··· RECORDS SHOWN
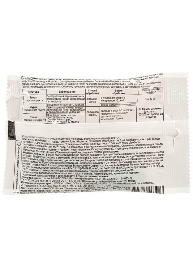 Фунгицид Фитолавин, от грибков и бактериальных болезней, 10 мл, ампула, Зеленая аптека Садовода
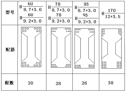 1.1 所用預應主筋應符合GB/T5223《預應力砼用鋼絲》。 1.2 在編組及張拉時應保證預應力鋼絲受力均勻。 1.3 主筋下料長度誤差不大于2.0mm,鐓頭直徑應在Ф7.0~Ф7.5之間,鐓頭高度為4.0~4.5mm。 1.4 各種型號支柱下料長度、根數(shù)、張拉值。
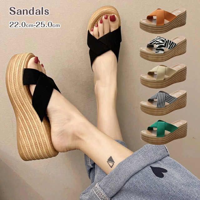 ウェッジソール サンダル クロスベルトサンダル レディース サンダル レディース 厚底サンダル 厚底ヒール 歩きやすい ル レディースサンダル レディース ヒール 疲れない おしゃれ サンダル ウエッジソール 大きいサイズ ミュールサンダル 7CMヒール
······
··· RECORDS SHOWN
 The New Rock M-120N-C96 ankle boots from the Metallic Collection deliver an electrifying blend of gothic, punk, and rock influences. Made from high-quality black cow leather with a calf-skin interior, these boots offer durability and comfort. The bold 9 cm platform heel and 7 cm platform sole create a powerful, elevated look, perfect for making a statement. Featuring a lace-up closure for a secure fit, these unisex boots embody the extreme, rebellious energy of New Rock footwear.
······
**WHAT TO WORK ON**
Here the job is to copy the stretch of records from the line containing "1.1 所用預應主筋應符合GB/T5223《預應力砼用鋼絲》。 1.2" through the line containing "ウェッジソール サンダル クロスベルトサンダル", word for word. Leave every picture out.

**PROBLEM SOLUTION**
 1.1 所用預應主筋應符合GB/T5223《預應力砼用鋼絲》。 1.2 在編組及張拉時應保證預應力鋼絲受力均勻。 1.3 主筋下料長度誤差不大于2.0mm,鐓頭直徑應在Ф7.0~Ф7.5之間,鐓頭高度為4.0~4.5mm。 1.4 各種型號支柱下料長度、根數(shù)、張拉值。
 ウェッジソール サンダル クロスベルトサンダル レディース サンダル レディース 厚底サンダル 厚底ヒール 歩きやすい ル レディースサンダル レディース ヒール 疲れない おしゃれ サンダル ウエッジソール 大きいサイズ ミュールサンダル 7CMヒール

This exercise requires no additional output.